Commonwealth Bank of Australia (ASX: CBA)'s leadership position has "stalled", Wilsons Advisory says, with other big four banks, ANZ Group Holdings Ltd (ASX: ANZ) and Westpac Banking Corp (ASX: WBC), looking better from an investment perspective.
In a research note sent to clients on Wednesday, Wilsons Advisory said it remains cautious on the sector overall, and its "underweight positioning remain(s) unchanged".
As they said:
Overall, the reporting season demonstrated that sector fundamentals are broadly sound, with headline results largely in line with expectations. However, there were some notable differences in underlying trends and relative share price performance across the majors – with CommBank's (CBA) recent underperformance standing out as a key development.
The Wilsons team said there were several standout themes across the banks, including that credit growth "continues to surprise to the upside, supporting better-than-expected revenue''.
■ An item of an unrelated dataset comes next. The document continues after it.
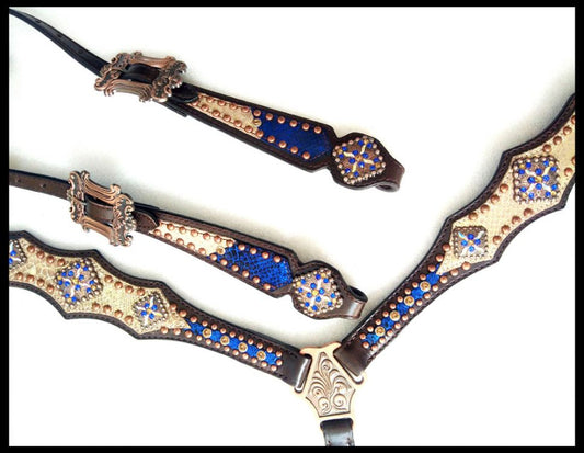 Dark Oil Browband Beaded Inlay Headstall and Breast collar Set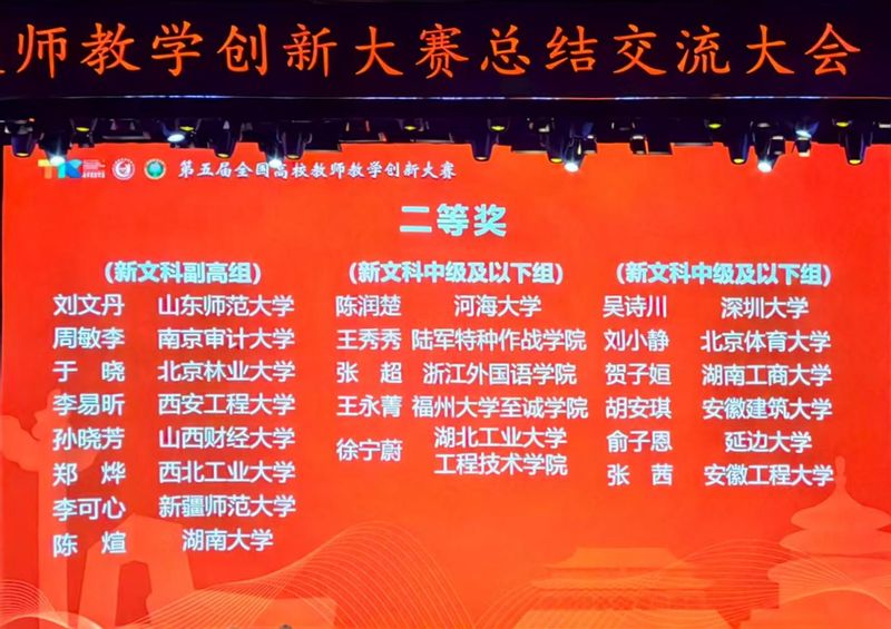 据悉,全国高校教师教学创新大赛是教育部高等教育司指导,中国高等教育学会主办的全国性最高级别的教师教学竞赛,实现全国省份全覆盖、本科高校全覆盖、学科门类全覆盖、各类教师全覆盖,体现我国高等教育教学改革的最新成果,具有十分广泛的影响力和示范辐射效应。本届大赛以“推动教学创新,培养一流人才”为主题,共有12.7万名教师参加校赛,3.4万名参加省赛,588门课程2253名教师入围国赛,分新工科、新文科、课程思政、产教融合等七个赛道,分设正高、副高、中级及以下3个组别。本届国赛共有88个教师(团队)获得一等奖、205个教师(团队)获得二等奖、295个教师(团队)获得三等奖。(文:李凯;图:张金轮;预审:张金轮;审核:夏登峰)

System growth remains above trend, at about 6% in home loans and about 9% in business lending. Banks have expressed confidence this pace can be sustained given a healthy macro backdrop – a view reflected in medium-term consensus forecasts.
Cost starting to bite
Costs were a key differentiator across the sector, they said, with Commonwealth Bank and National Australia Bank Ltd (ASX: NAB) feeling the impact of higher wages, more frontline staff, and greater technology spending, while ANZ and Westpac are holding up better than expected.
In general, the Wilsons team said they were underwhelmed by the growth prospects across the sector.
Overall, despite minor consensus revisions for individual banks, tying together each of the key EPS (earnings per share) drivers, the sector-level earnings story remains broadly unchanged. We continue to expect the banks to deliver modest, not particularly compelling low- to mid-single-digit EPS growth over the medium-term.
CBA losing its edge
They pointed out, however, that there had been a clear shift in earnings leadership within the sector, with Commonwealth Bank falling short in this regard.
CBA has previously been a consistent source of earnings upgrades, offering a degree of relative safety in a market characterised by sluggish earnings growth, China-related weakness impacting resources stocks, and earnings risks associated with broad macro/ political uncertainty. Reliable earnings upgrades attracted momentum-driven quant buying, which, combined with passive flows, pushed CBA's valuation to extreme levels and underpinned its outperformance of the market and its peers.
But this outperformance had started to unwind, the Wilsons team said, as upgrades had waned.
The bank's 'in-line' FY25 result and 1Q26 updates both failed to meet elevated expectations for further earnings upgrades, while also raising concerns around rising costs … this is at a time when other banks – particularly ANZ and Westpac – have shown improving consensus earnings momentum. Overall, with CBA's upgrade cycle stalling, peers gaining consensus earnings momentum, and its valuation premium still substantial, we see further downside in CBA's relative performance as the market continues to rotate.
Wilsons said ANZ was "comfortably the 'best value' bank on all key valuation metrics", while Westpac offered an attractive yield "and holds the strongest balance sheet''.
The Wilson team said NAB had an "uncompelling risk/reward" story and the weakest balance sheet among the major banks.
On the Commonwealth Bank, they said it remained a "high quality franchise, but still by far the most expensive bank on every key valuation measure, making the risk/reward unattractive''.